Monday, March 16, 2015

A taxonomy of critical success factors for Open Data

This is a simple two-tier taxonomy of factors that are critical for the success of open data initiatives at local, national and international level.  It has been developed through a series  of workshops analysing and classifying international open data best practices and initiatives. It can be used as a guidance support for public servants, the overall planning of open data initiatives or classification of best practice scenarios or examples.

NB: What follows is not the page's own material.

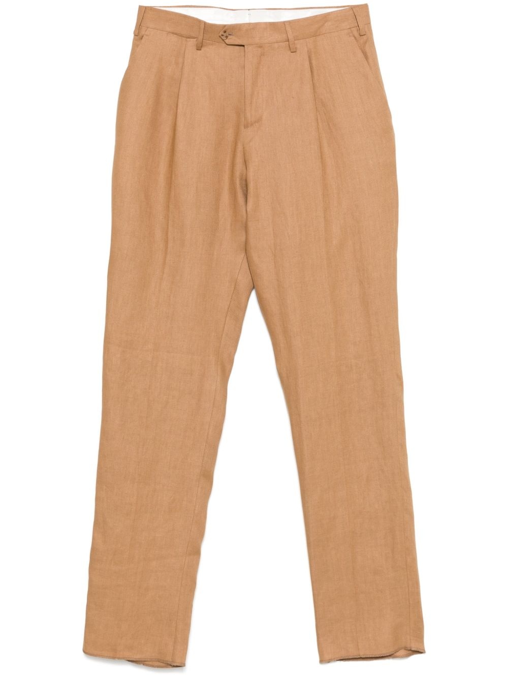 pleat-detail trousers Highlights - Almond beige - Front button and zip fastening - Belt loops - Two diagonal pockets to the sides - Two rear button-fastening jetted pockets Made in Italy Composition Linen/Flax 100%, Polyester 65%, Cotton 35% Washing instructions Dry Clean Only

This is based on work done by:

A. Factors critical for open data publication by administrations

1 Legislation, regulation and licenses
Having in place a (national) legal framework for open data publication
Enforce publishing and curating of data on administrations (maybe even through penalties)
Provide information about data protection and privacy legislation and how open data can be published in compliance with this legislation
Develop a (national) guide on legal Intellectual Property Right (IPR) issues allowing organizations to pick the correct licensing form
2 Strategy and political support
Develop a strategy for open data publication at an (inter)national level
Ensure that (top) management within governmental agencies supports publishing data
Generate support of policy-makers for data publication
Organize focus groups with heads of departments and open data policy implementers to give both proponents and opponents of open data an auditorium
Introduce incentives schemes for public servants (e.g. explain why a data provider would release data, explain what kind of value is created for the data provider)
Create consensus between open data publication and the organizational framework for publishing data
3 Management support and publication processes within governmental agencies
Define clear process steps for publishing data
Determine which type of data is important to address societal issues and focus on the publication of these data
Start with the publication of data which is interesting for users so that the users see the benefit of open data
Determine which data and metadata will and will not be published
Determine which standards and vocabularies will be used for data publication
Determine which personnel has the key responsibilities for publishing open data
Determine where datasets will be published
Release only data which is of high quality
4 Training of and support for civil servants
Create a virtual competence center which assists in answering questions and helping out with administrative data publication processes
Provide training on open data publication within governmental agencies (e.g. training on how datasets can be anonymized)
Develop information campaigns in which questions about open data publication are discussed
Develop information campaigns in which success stories of internal and external open data use are discussed
5 Evaluation of the open data initiative
Develop metrics and success indicators for data publication by government departments
Evaluate the realization of metrics and success indicators as an integral part of the open data initiative
6 Sustainability of the open data initiative
Identify the need for data
Create a strategy for maintaining published datasets
Ensure data provision continuity, including timely and automatic updates of data
Be transparent towards open data users about the conditions under which data publication takes place
7 Collaboration
Arrange meetings with open data users to find out what their needs are and how the data from the governmental agency are used
Organize internal meetings to discuss the data publication processes and to evaluate them
Organize inter-organizational collaboration about and management of open data initiatives
Ensure agile and  open cooperation with various other organizations (administration, universities, CSO, Open Knowledge Foundation)
Organize inter-organizational collaboration (e.g. network meetings) to learn from the open data initiatives of other governmental agencies
8 Open data platforms, tools and services
Integrate the open data platform into existing Content Management Systems (CMS) to kick-start the progress
Have one central portal which combines data from many different governmental organizations (federal level)
Implement advanced data search functionalities
Use complementary toolsets for performing additional curation tasks (cleaning, linking, visualizing, analyzing)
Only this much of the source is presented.